An befallenen Kirschfrüchten nagen sie tiefe Wunden und zerstören sie in den meisten Fällen vollständig. Wir haben an einem einzelnen Baum 80 % geschädigte Früchte registriert.
Schaden
Befruchtete Weibchen legen ihre Eier in morsches Holz und in holzreichen, verrotteten Boden ab. Die Larven entwickeln sich in dieser verrottenden Umgebung und verpuppen sich noch im selben Jahr.
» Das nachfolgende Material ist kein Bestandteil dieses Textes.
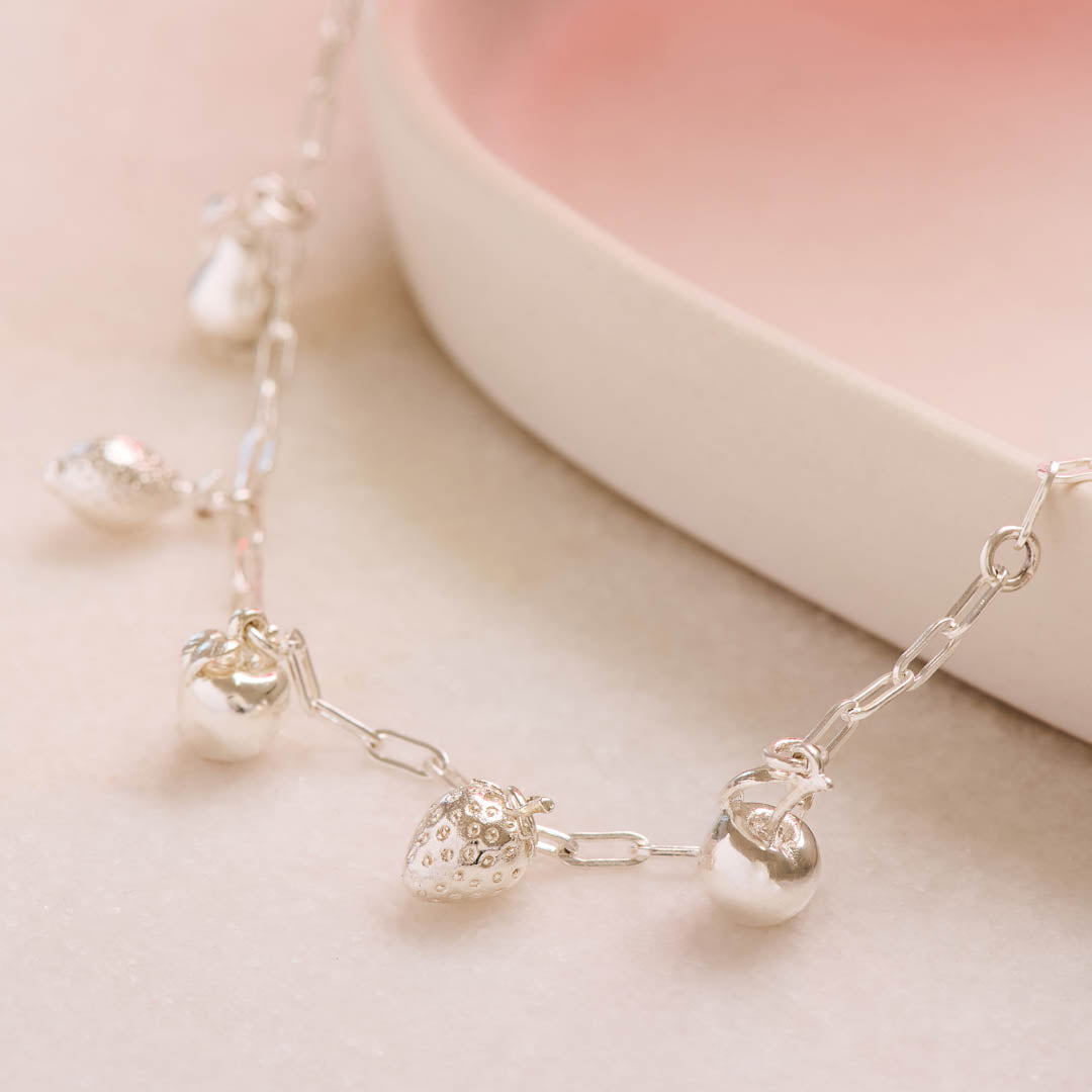 Our Seasonal Fruit Charm Bracelet offers a beautiful way to wear a curated selection of our seasonal charms, each one a tribute to the fruits we reach for in each season. The five-charm bracelet includes the pear, lemon, apple, strawberry and cherry charm.

Die chemische Bekämpfung des Rosenkäfers sollte gegen das adulte Stadium gerichtet sein, das den Hauptschaden verursacht. Insektizide wurden bisher nicht gegen diesen Schädling getestet, da er nicht häufig auftrat. Die Bekämpfung wird auch dadurch erschwert, dass die Spritzung zum Zeitpunkt der Fruchtreife durchgeführt werden muss und Wartezeiten eingehalten werden müssen.
Bekämpfung
Der Rosenkäfer gehört zur Familie der Blatthornkäfer, zu der auch der Behaarte Schnellkäfer zählt. Es wird empfohlen, Insektizide mit kurzer Wartezeit zu verwenden, die gegen den Behaarten Schnellkäfer zugelassen sind: Vaztak Nov 100 EC – 10 ml/da. Auch hellblaue oder weiße Fallen mit einem Lockstoff können eingesetzt werden. Um den durch den Rosenkäfer verursachten Schaden zu verringern, ist auch eine gute agronomische Praxis notwendig – regelmäßige Bodenbearbeitung, Düngung, Sammeln, Entfernen und Vernichten von Unkrautvegetation, Hundsrosensträuchern und verrottenden Pflanzenresten, in denen sich die Larven des Schädlings entwickeln.